→ **RECORDS FOR THIS EXERCISE**
[Start of section]
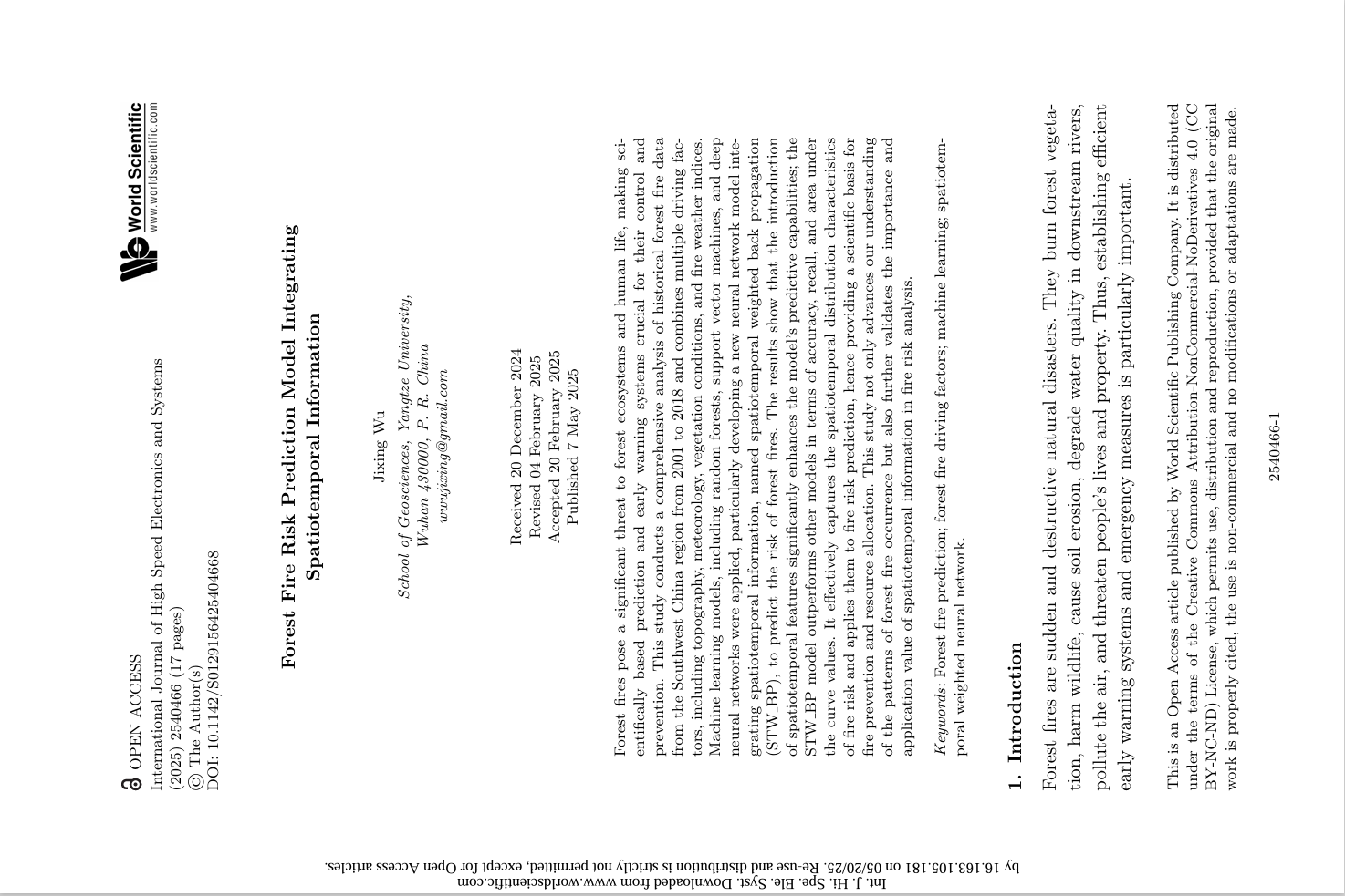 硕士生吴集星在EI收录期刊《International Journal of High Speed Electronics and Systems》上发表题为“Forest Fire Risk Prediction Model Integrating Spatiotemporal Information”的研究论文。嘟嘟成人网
[End of section]
[Start of section]
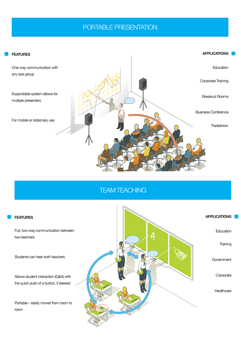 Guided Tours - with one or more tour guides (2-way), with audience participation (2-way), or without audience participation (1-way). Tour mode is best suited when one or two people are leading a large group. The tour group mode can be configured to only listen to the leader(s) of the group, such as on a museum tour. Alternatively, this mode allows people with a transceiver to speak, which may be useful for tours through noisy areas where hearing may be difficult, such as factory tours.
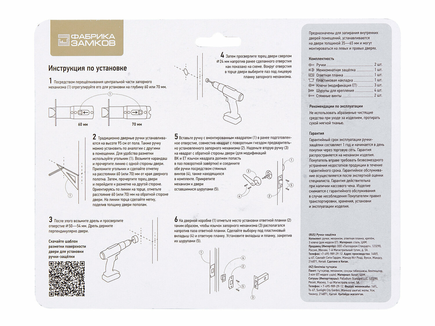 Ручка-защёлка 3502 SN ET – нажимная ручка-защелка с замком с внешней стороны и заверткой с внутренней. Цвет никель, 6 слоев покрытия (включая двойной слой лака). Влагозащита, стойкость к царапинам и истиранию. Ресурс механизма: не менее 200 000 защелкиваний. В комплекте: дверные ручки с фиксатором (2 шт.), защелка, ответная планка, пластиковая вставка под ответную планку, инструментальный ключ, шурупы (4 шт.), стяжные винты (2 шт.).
[End of section]
→ **ACTIVITY**
Copy nothing but the lines above that run from the one with "Guided Tours - with" to the one with "Ручка-защёлка 3502 SN", ends included; pictures stay out.

→ **SOLUTION TO THE EXERCISE**
 Guided Tours - with one or more tour guides (2-way), with audience participation (2-way), or without audience participation (1-way). Tour mode is best suited when one or two people are leading a large group. The tour group mode can be configured to only listen to the leader(s) of the group, such as on a museum tour. Alternatively, this mode allows people with a transceiver to speak, which may be useful for tours through noisy areas where hearing may be difficult, such as factory tours.
 Ручка-защёлка 3502 SN ET – нажимная ручка-защелка с замком с внешней стороны и заверткой с внутренней. Цвет никель, 6 слоев покрытия (включая двойной слой лака). Влагозащита, стойкость к царапинам и истиранию. Ресурс механизма: не менее 200 000 защелкиваний. В комплекте: дверные ручки с фиксатором (2 шт.), защелка, ответная планка, пластиковая вставка под ответную планку, инструментальный ключ, шурупы (4 шт.), стяжные винты (2 шт.).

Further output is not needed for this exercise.